# [WHAT THE EXERCISE ASKS]
When you repeat the listing, keep every character as it is.

# [RECORDS SHOWN]
....

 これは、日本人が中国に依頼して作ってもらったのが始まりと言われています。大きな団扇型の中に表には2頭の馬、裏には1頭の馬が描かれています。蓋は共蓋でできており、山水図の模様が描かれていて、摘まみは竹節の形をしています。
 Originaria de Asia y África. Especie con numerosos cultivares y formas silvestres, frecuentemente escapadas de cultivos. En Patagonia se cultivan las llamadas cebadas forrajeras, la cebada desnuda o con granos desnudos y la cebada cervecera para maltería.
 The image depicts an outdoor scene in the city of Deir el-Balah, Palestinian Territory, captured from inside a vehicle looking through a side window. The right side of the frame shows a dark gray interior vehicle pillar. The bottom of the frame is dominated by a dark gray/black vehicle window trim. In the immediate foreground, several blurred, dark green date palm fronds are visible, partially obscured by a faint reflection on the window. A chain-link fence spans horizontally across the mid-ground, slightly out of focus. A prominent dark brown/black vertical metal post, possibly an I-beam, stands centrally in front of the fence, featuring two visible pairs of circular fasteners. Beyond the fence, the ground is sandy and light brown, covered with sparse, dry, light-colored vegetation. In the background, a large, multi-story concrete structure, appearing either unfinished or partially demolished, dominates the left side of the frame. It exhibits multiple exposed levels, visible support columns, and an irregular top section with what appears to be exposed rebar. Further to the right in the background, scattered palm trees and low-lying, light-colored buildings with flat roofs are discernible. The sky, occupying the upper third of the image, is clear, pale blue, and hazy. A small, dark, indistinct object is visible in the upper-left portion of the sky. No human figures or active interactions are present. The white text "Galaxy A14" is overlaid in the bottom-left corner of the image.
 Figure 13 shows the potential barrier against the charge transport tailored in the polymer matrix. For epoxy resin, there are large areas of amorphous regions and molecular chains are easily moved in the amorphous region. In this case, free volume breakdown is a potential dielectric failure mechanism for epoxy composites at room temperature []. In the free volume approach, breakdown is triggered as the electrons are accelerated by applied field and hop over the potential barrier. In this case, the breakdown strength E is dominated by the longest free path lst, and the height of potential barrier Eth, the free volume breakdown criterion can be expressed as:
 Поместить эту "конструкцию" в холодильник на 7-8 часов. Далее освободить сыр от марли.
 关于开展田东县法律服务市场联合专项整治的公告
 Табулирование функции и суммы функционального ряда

....

# [TASK RESULT]
 これは、日本人が中国に依頼して作ってもらったのが始まりと言われています。大きな団扇型の中に表には2頭の馬、裏には1頭の馬が描かれています。蓋は共蓋でできており、山水図の模様が描かれていて、摘まみは竹節の形をしています。
 Originaria de Asia y África. Especie con numerosos cultivares y formas silvestres, frecuentemente escapadas de cultivos. En Patagonia se cultivan las llamadas cebadas forrajeras, la cebada desnuda o con granos desnudos y la cebada cervecera para maltería.
 The image depicts an outdoor scene in the city of Deir el-Balah, Palestinian Territory, captured from inside a vehicle looking through a side window. The right side of the frame shows a dark gray interior vehicle pillar. The bottom of the frame is dominated by a dark gray/black vehicle window trim. In the immediate foreground, several blurred, dark green date palm fronds are visible, partially obscured by a faint reflection on the window. A chain-link fence spans horizontally across the mid-ground, slightly out of focus. A prominent dark brown/black vertical metal post, possibly an I-beam, stands centrally in front of the fence, featuring two visible pairs of circular fasteners. Beyond the fence, the ground is sandy and light brown, covered with sparse, dry, light-colored vegetation. In the background, a large, multi-story concrete structure, appearing either unfinished or partially demolished, dominates the left side of the frame. It exhibits multiple exposed levels, visible support columns, and an irregular top section with what appears to be exposed rebar. Further to the right in the background, scattered palm trees and low-lying, light-colored buildings with flat roofs are discernible. The sky, occupying the upper third of the image, is clear, pale blue, and hazy. A small, dark, indistinct object is visible in the upper-left portion of the sky. No human figures or active interactions are present. The white text "Galaxy A14" is overlaid in the bottom-left corner of the image.
 Figure 13 shows the potential barrier against the charge transport tailored in the polymer matrix. For epoxy resin, there are large areas of amorphous regions and molecular chains are easily moved in the amorphous region. In this case, free volume breakdown is a potential dielectric failure mechanism for epoxy composites at room temperature []. In the free volume approach, breakdown is triggered as the electrons are accelerated by applied field and hop over the potential barrier. In this case, the breakdown strength E is dominated by the longest free path lst, and the height of potential barrier Eth, the free volume breakdown criterion can be expressed as:
 Поместить эту "конструкцию" в холодильник на 7-8 часов. Далее освободить сыр от марли.
 关于开展田东县法律服务市场联合专项整治的公告
 Табулирование функции и суммы функционального ряда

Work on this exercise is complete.